Well written code includes well written comments.  Including comments that help explain what the code is doing is part of the process of writing high quality source code.

The main goal of well commented code is to make the code easier to maintain.  Software that goes into production often ends up being used for many years.  This means that the amount of money spent maintaining the software can be far greater than the amount spent to develop the software.  During development, anything that you can do to make maintaining the software easier is a good investment.

Comments should not merely parrot back what the code is doing.

            // Add two to the age
            age += 2;

Instead, good comments provide more information than is possible by reading the code.

            // As part of calculating longevity, adjust for being a smoker.
            // See http://somepeerreviewestudyonsmoking.com
            if (theCustomer.IsSmoker())
                predictedMaxAge += 2;

#475 – Comments Occuring within String Literals Are Treated as Part of the String

Recall that comments in C# can be of two forms–either single line or delimited comments.
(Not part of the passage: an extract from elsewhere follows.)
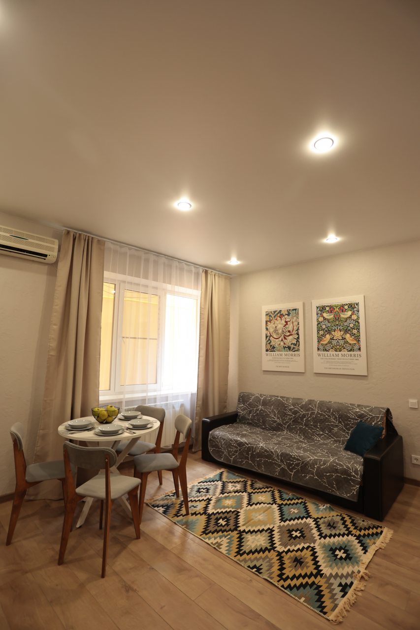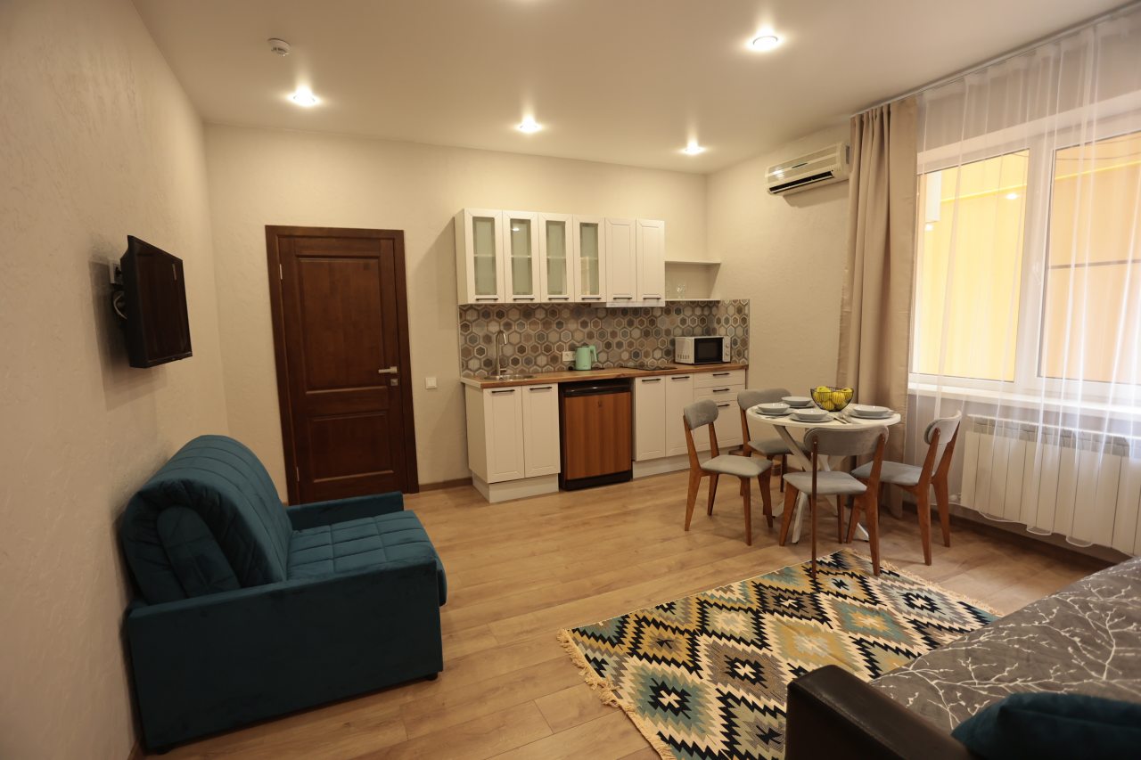 Номерной фонд состоит из 6 современных апартаментов с дизайнерским ремонтом, которые оборудованы комфортабельными спальными местами со свежим постельным бельем, прикроватной мебелью, светильниками для вечернего чтения, шкафом, кухонной зоной, телевизором и затемненными шторами для комфортного сна. Собственная ванная комната укомплектована всей необходимой сантехникой и стиральной машиной. Доступна точка WI-FI.

            // This is a single line comment
            int x = 12;  // So is this

            /* Delimited comment here */

            /* This is
             * a multiline delimited comment
             * comment */

If something that looks like a comment appears within a string, it isn’t treated by the compiler as a comment, but just as part of the string.

            Console.WriteLine("A C# comment looks like this:  // This is a comment");
            Console.WriteLine("It might also look like this:  /* Good morning Pompeii */");

#29 – Comments

Comments in a C# program denote text that is ignored by the compiler and therefore has no effect on the behavior of the program.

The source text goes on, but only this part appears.